Task details :: Nothing outside the lines below from the one containing "Недостаток у конструкции" through the one containing "В треугольнике АВС" is to be printed; print those exactly, ends included, and drop the pictures.

Recorded data ::
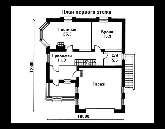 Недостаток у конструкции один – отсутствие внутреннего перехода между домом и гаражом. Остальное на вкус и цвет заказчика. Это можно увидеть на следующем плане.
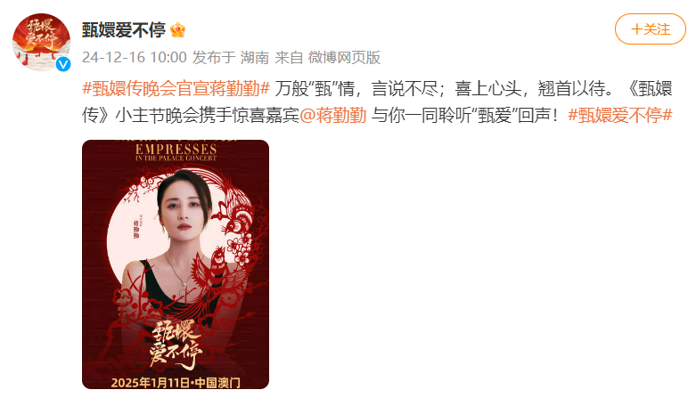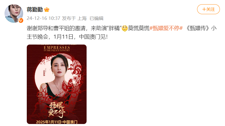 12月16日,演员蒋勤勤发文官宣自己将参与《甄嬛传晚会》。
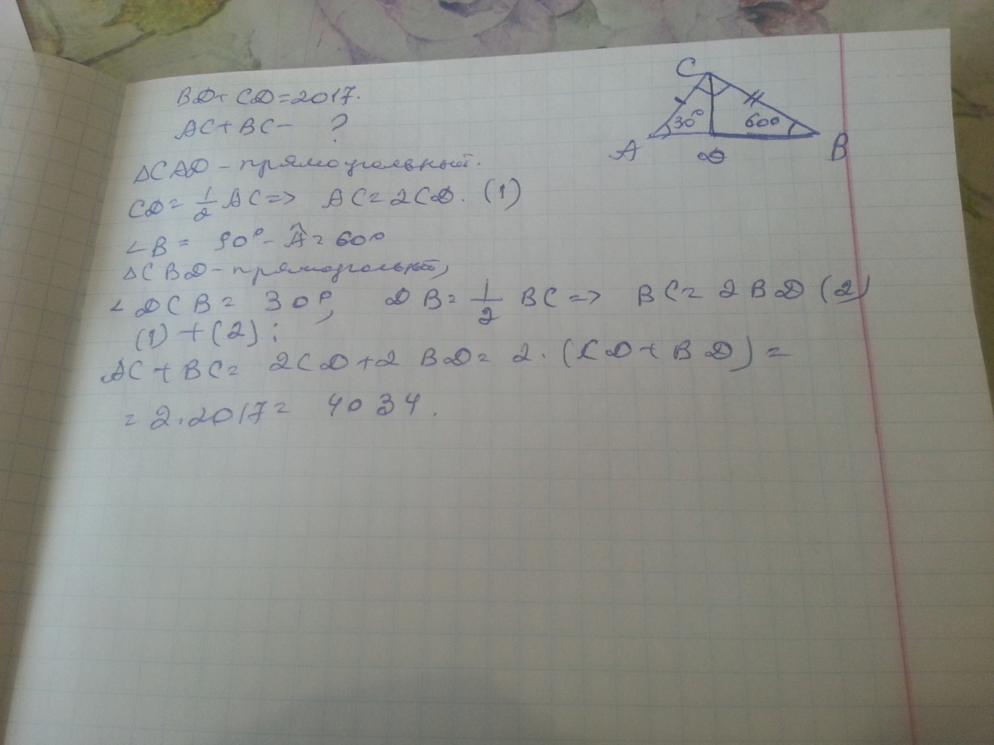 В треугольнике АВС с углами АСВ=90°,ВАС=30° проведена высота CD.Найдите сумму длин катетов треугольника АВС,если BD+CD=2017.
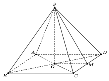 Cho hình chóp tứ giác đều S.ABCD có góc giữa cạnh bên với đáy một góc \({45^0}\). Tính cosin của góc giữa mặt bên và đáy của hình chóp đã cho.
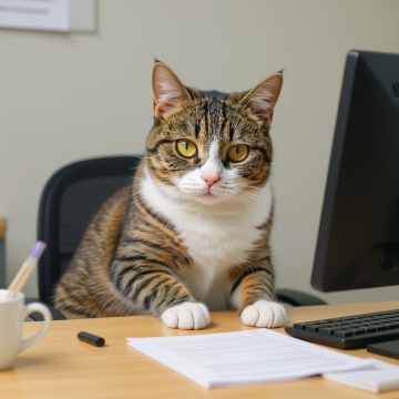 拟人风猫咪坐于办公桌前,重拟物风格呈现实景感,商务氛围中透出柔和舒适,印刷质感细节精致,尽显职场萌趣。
---
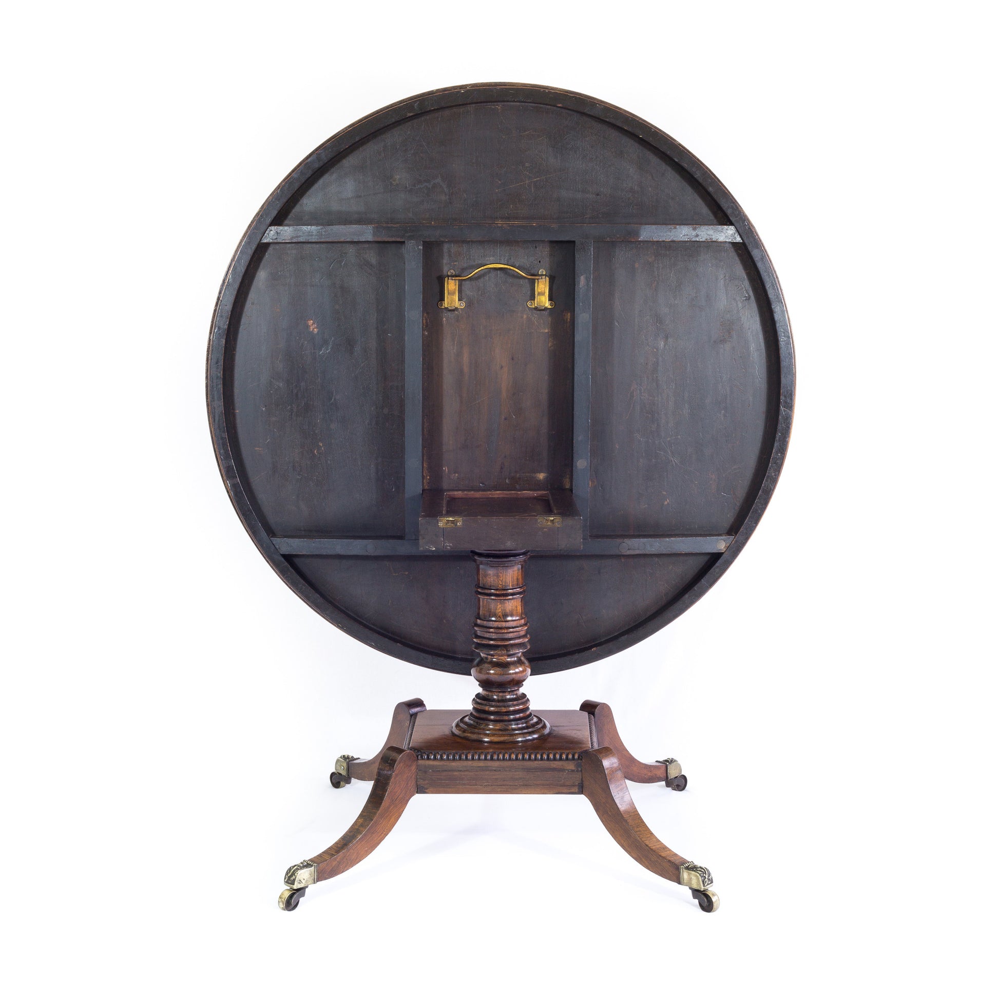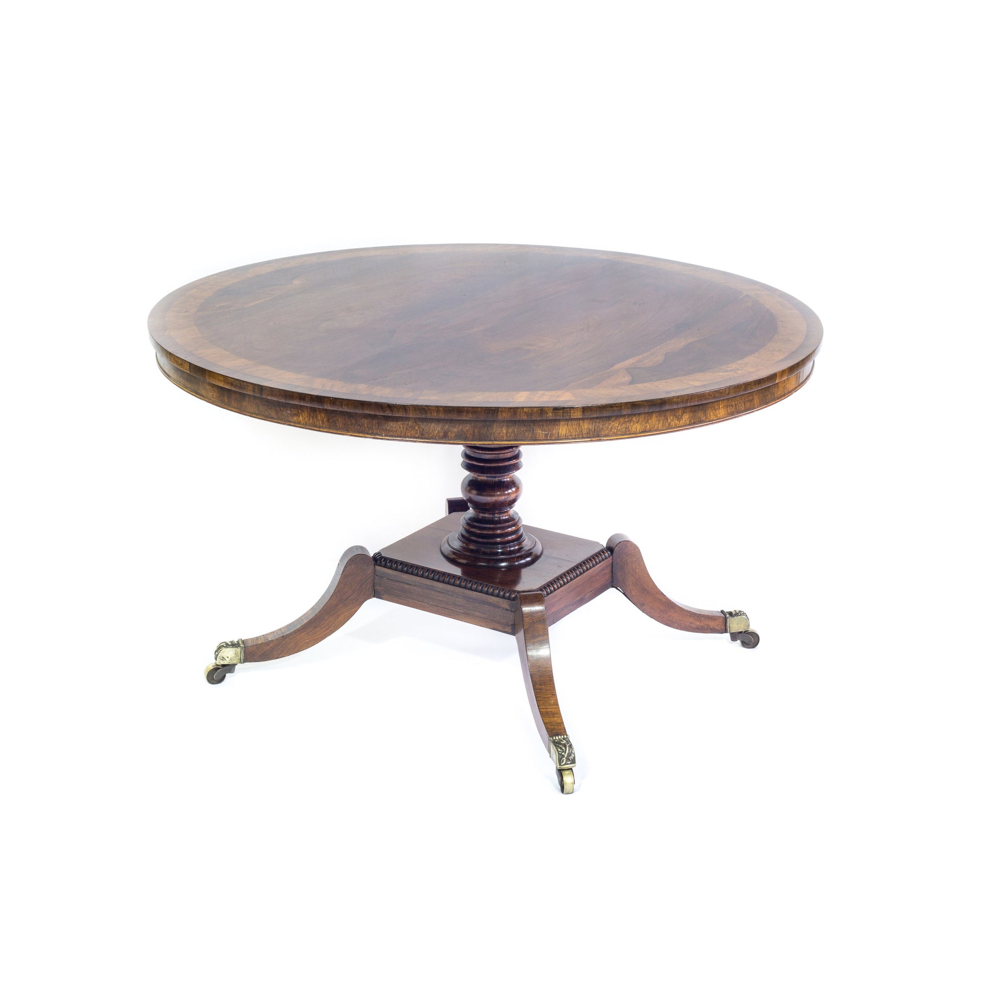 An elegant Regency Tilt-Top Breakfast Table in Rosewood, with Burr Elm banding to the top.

Response area ::
 Недостаток у конструкции один – отсутствие внутреннего перехода между домом и гаражом. Остальное на вкус и цвет заказчика. Это можно увидеть на следующем плане.
 12月16日,演员蒋勤勤发文官宣自己将参与《甄嬛传晚会》。
 В треугольнике АВС с углами АСВ=90°,ВАС=30° проведена высота CD.Найдите сумму длин катетов треугольника АВС,если BD+CD=2017.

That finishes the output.